Data supplied ▸

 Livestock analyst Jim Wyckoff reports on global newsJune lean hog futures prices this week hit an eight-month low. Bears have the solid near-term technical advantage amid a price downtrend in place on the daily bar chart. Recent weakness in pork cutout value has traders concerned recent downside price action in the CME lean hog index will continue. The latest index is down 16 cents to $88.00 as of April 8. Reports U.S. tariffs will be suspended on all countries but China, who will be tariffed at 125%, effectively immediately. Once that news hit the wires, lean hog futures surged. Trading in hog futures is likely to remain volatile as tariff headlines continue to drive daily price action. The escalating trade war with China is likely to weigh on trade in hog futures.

---

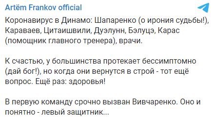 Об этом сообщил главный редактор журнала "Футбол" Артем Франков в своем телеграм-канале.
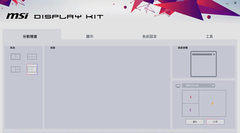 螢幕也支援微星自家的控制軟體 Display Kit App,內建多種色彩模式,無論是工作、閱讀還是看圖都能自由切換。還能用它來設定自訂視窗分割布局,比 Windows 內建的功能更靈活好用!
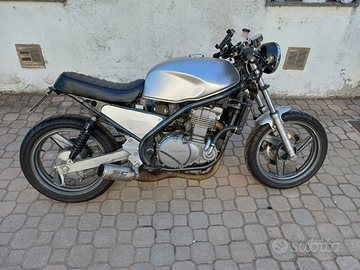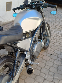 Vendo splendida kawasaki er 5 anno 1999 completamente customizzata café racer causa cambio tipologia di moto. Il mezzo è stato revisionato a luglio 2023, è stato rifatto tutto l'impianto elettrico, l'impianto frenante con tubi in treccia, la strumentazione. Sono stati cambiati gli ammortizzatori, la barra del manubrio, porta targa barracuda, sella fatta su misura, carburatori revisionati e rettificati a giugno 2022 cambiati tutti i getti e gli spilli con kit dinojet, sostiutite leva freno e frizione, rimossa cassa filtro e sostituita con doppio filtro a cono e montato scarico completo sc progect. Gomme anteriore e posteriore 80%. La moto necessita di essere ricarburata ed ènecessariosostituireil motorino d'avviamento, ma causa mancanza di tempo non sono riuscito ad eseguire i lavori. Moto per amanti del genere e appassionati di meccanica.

Exercise requirements ▸ Working from the entries above, please transcribe only the lines from the line with "Об этом сообщил" through the line with "螢幕也支援微星自家的控制軟體 Display Kit", exactly, with both end lines and without pictures.

Output of the task ▸
 Об этом сообщил главный редактор журнала "Футбол" Артем Франков в своем телеграм-канале.
 螢幕也支援微星自家的控制軟體 Display Kit App,內建多種色彩模式,無論是工作、閱讀還是看圖都能自由切換。還能用它來設定自訂視窗分割布局,比 Windows 內建的功能更靈活好用!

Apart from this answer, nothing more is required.